NPB – Botanical Research Branch, Singapore
Onsite
[What the role is]
The Singapore Botanic Gardens (SBG) is one of the oldest tropical botanical gardens and one of only three botanic gardens in the world inscribed as a UNESCO World Heritage Site. The SBG is a Division of the National Parks Board, the statutory agency responsible for managing greenery and biodiversity in Singapore, SBG houses the Botanical Research Branch (BR), where this position will be based.[What you will be working on]
You will:
Develop and pilot workflows that leverage data from Herbarium images and transcribed label data, making them accessible to researchers across SBG so that non-specialists can generate their own models and explore research questions independently.
Use Herbarium data to pilot approaches across three areas: i) assessing data quality, including curation standards and taxonomic naming consistency, and testing species identification from global collection datasets using machine learning; ii) exploring collection gaps in SE Asia through mapping and spatial modelling; and iii) applying AI tools to query images for signs of taxonomic heterogeneity and surface potential new research questions across selected target taxa.
Query the Herbarium data as well as field phenological observations to pilot an investigation into changes in the timing and duration of phenological episodes from the mid-to-late nineteenth century to the present, with the aim of better understanding climate change effects on future biodiversity outcomes in Singapore and the region.
Build pilot workflows for: i) generating morphological descriptions and identification keys from images to support rapid species description for Flora accounts and journal submissions, including species new to science; and ii) querying published taxonomic accounts to test the integrity of specimen determinations in the Herbarium image dataset.
Collaborate internally with colleagues to generate outputs for use in other models and to translate research into action;
Publish in reputable peer-reviewed journals and present at scientific conferences.
[What we are looking for]
Possess a PhD in Botany or a related discipline, preferably. Candidates without a PhD should have a strong track record in artificial intelligence, data science, computer vision and/or natural history collection digitisation.

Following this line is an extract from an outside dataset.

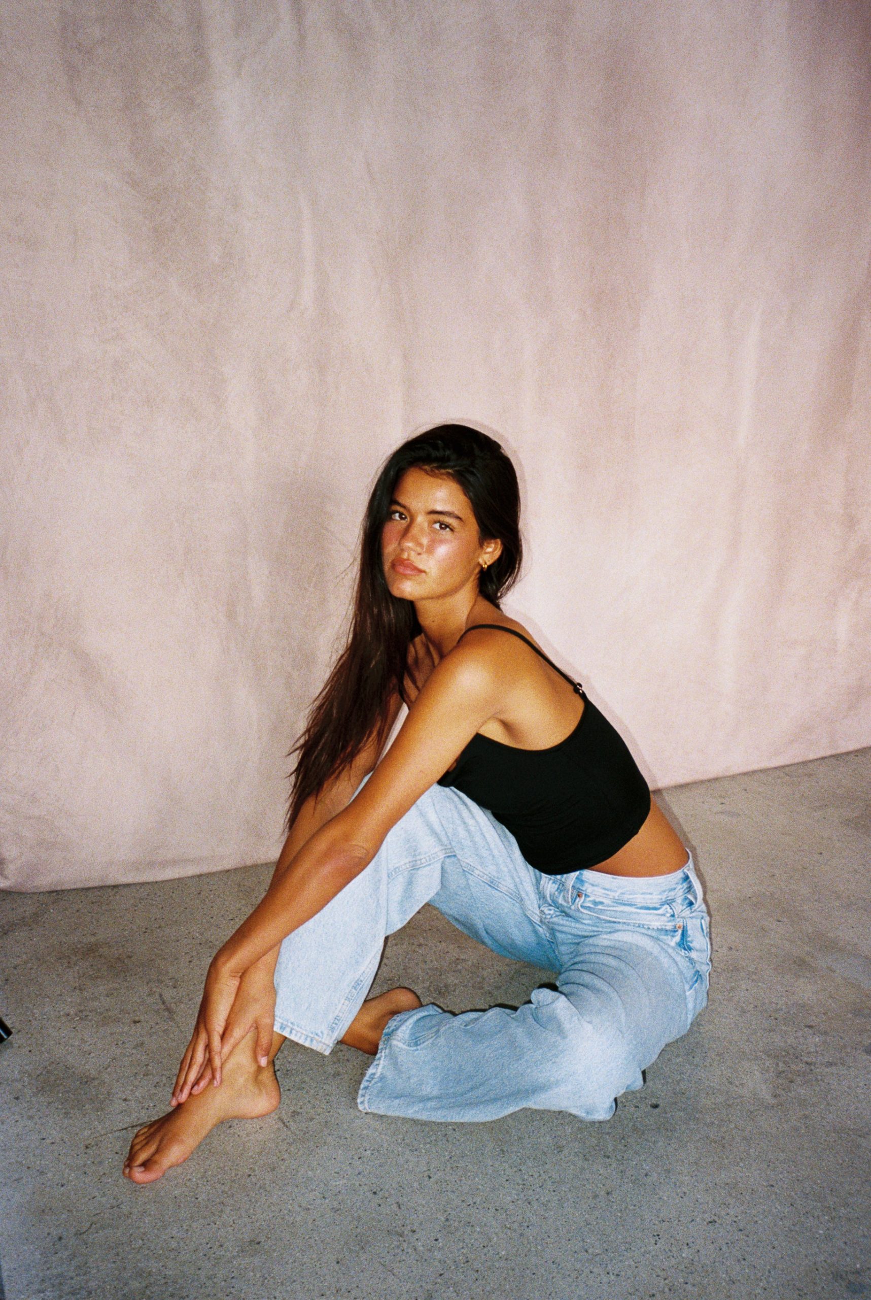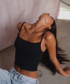 The Mila Top features a draped cowl neckline and adjustable spaghetti straps, with a fitted silhouette and doubled front for a sleek, flattering finish.

Have experience applying artificial intelligence and data science, particularly computer vision, to herbarium or other natural history collection digitisation projects.
Demonstrate ability to translate research into working tools; software engineering know-how will be an advantage.
Have a keen interest in the plants of tropical Asia, with a demonstrated record of publishing in reputable scientific journals being advantageous.
Possess excellent written and verbal communication skills.
Be self-motivated, organised, independent, and able to work well with others under time pressure.
Only shortlisted candidates will be notified. The successful candidate will be offered a contract until 31 December 2028.